Interviewé le 20 octobre sur Democracy Now! par Amy Goodman, Jarecki donne ainsi, au travers du cas d’Obama, qui a des chances de devenir le prochain président, une bonne définition du fonctionnement du système… (L’interview a commencé sur une audition d’un passage du fameux discours, dit “du complexe militaro-industriel”, du président Eisenhower, le 17 janvier 1961.)

»Amy Goodman: Barack Obama, who is now ahead in the polls two weeks ahead of the election—early voting has begun in scores of states right now, so people have already cast their votes—has pledged to increase military spending…

»Eugene Jarecki: Yes.

»Amy Goodman: …and has called for a surge in Afghanistan.

»Eugene Jarecki: Yes. Well, this is—you know, this is business as usual in Washington. And I think, you know, somebody like Barack Obama, you see somebody with what you would feel are probably very good intentions, and you get the sense that around the Obama kitchen table there’s a lot of heartfelt, well-meaning thought going on, and yet the machine does not care how well-meaning Barack Obama is, doesn’t care how well-meaning the voters are who hope that Barack Obama can make change. The machine is a cutthroat instrument of power. And all the rest of us are kind of cannon fodder in it.

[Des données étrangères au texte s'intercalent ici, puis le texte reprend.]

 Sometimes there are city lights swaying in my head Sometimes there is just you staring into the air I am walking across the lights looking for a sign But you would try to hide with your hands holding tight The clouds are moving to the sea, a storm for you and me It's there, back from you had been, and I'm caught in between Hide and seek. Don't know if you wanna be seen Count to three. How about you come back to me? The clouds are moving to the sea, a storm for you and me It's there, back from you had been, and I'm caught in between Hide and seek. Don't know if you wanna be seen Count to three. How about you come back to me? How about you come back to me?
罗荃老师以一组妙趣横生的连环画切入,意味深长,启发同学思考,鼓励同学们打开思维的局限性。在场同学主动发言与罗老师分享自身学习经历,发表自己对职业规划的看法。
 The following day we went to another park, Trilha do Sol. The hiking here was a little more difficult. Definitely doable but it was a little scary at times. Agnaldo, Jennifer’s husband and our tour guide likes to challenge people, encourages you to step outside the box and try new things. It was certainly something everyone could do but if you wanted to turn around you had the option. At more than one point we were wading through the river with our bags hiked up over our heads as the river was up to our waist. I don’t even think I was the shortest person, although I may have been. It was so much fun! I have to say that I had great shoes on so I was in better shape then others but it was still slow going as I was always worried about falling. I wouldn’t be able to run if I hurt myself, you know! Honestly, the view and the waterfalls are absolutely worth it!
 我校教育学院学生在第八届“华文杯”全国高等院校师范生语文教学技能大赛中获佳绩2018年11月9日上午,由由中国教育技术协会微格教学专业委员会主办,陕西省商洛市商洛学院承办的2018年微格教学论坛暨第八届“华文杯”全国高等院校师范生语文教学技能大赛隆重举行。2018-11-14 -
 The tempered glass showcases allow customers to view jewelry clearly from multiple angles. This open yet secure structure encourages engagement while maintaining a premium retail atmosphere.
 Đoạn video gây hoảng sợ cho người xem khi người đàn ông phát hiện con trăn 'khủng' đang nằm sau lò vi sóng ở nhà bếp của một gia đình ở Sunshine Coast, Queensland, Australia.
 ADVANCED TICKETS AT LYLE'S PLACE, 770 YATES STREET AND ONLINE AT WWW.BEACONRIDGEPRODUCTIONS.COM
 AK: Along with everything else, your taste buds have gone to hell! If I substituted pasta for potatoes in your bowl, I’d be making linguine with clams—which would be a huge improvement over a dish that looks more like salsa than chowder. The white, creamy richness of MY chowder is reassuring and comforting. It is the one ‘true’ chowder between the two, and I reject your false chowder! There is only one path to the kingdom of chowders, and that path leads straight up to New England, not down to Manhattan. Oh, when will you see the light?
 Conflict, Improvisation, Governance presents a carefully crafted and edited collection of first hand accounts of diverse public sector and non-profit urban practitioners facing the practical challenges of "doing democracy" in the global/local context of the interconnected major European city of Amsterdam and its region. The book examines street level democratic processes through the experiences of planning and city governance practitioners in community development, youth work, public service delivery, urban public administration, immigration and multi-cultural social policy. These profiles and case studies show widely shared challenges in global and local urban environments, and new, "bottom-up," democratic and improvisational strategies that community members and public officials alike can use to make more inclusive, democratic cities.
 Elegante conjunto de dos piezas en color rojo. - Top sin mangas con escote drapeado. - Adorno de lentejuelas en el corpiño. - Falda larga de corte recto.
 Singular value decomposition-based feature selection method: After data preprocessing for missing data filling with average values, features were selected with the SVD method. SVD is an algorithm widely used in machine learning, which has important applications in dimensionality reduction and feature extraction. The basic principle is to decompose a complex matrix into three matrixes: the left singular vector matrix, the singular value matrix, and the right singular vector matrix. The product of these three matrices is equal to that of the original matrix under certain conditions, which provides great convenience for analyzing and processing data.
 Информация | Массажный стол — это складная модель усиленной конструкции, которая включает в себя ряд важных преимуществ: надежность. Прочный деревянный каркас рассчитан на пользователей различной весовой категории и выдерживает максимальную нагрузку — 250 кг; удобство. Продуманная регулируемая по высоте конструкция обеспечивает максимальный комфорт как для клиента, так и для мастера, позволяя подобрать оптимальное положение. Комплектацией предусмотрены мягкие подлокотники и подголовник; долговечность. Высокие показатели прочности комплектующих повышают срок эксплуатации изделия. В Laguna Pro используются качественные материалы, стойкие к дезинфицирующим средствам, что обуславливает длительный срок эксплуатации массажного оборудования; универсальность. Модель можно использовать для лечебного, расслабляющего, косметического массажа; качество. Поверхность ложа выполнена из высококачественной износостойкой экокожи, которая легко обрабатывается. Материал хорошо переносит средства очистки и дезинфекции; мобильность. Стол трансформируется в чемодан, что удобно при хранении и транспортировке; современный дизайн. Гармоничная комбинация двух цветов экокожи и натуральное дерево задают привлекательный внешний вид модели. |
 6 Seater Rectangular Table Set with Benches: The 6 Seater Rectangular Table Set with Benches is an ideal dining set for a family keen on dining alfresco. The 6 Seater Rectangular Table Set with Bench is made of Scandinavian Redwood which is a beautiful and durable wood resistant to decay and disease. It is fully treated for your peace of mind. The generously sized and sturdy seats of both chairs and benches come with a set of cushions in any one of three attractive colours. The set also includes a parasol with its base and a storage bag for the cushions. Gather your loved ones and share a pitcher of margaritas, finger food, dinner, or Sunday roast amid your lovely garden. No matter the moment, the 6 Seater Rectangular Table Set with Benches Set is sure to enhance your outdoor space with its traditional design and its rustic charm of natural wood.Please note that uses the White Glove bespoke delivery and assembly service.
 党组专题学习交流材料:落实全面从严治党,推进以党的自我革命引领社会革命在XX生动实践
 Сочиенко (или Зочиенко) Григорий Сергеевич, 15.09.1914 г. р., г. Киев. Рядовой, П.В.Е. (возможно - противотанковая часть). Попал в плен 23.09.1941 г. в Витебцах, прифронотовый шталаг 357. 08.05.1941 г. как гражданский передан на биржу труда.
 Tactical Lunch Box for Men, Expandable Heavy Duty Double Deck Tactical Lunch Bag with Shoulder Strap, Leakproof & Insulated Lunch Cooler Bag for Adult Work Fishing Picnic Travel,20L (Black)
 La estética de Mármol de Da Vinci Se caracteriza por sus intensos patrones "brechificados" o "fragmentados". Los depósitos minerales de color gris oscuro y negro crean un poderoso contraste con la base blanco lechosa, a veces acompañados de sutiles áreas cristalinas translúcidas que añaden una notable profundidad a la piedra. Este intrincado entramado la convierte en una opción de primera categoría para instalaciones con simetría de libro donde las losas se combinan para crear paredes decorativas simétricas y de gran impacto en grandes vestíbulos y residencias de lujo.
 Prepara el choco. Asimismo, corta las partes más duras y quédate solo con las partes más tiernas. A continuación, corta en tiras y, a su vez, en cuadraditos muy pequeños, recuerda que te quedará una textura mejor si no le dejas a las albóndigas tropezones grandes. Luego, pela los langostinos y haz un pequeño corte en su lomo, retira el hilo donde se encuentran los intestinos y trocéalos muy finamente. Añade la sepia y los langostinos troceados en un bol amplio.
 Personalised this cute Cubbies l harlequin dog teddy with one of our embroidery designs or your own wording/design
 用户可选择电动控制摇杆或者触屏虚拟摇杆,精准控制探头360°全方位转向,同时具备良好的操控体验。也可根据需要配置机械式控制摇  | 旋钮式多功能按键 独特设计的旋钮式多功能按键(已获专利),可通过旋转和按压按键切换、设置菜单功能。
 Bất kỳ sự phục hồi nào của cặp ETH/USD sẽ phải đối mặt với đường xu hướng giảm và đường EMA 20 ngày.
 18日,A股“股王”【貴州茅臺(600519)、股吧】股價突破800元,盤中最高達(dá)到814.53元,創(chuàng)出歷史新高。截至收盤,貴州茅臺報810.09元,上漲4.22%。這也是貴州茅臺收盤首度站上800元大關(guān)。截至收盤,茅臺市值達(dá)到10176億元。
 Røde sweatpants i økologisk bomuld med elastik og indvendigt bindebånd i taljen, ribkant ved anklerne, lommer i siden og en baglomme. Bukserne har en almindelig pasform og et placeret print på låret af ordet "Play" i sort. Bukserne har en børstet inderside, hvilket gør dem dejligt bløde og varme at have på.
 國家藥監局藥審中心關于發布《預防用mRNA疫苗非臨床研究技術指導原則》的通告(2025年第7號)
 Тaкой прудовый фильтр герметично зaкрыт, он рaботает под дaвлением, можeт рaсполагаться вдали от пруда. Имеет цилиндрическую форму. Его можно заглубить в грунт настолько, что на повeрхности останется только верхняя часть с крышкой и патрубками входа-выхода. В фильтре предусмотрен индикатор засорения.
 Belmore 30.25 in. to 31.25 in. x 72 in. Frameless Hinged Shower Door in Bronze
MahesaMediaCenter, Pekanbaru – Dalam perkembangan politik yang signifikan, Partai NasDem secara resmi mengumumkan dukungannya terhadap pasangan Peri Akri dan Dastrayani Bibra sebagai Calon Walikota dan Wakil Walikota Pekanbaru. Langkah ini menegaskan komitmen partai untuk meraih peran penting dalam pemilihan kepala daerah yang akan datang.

»And it’s not because it’s, you know, run by evil men like Dick Cheney. That’s kind of incidental. What really is happening is that you have a machine out there that has a vested interest, that simply pulses forward. And the only thing that can slow it is what Eisenhower called an alert and knowledgeable citizenry, basically all of us being deeply engaged. And we’re not, for several reasons that have to do with how our society evolved and how the American way of war took over the American way. »

La description est remarquable, c’est la description d’une machine que personne ne contrôle, qui exerce son contrôle sur tous les membres du système. La remarque sur Cheney est intéressante, parce qu’elle montre effectivement que les orientations idéologiques ou d’éventuelles pathologies n’ont la capacité et la possibilité de s’exprimer que dans la mesure où elles vont dans le sens ouvert par la machine. (GW Bush est un enfant de la logique mécanique de cette machine. Il n’est pas un accident catastrophique.)

Les remarques concernant l’interprétation du discours d’Eisenhower signalent que la seule possibilité d’attaque sérieuse contre la machine (le système), c’est par l’extérieur. Il y a une suggestion de révolte pour la population, qui revient, éventuellement pour un dirigeant, si on en trouve un, à faire du gorbatchévisme (l’attaque du système par l’extérieur).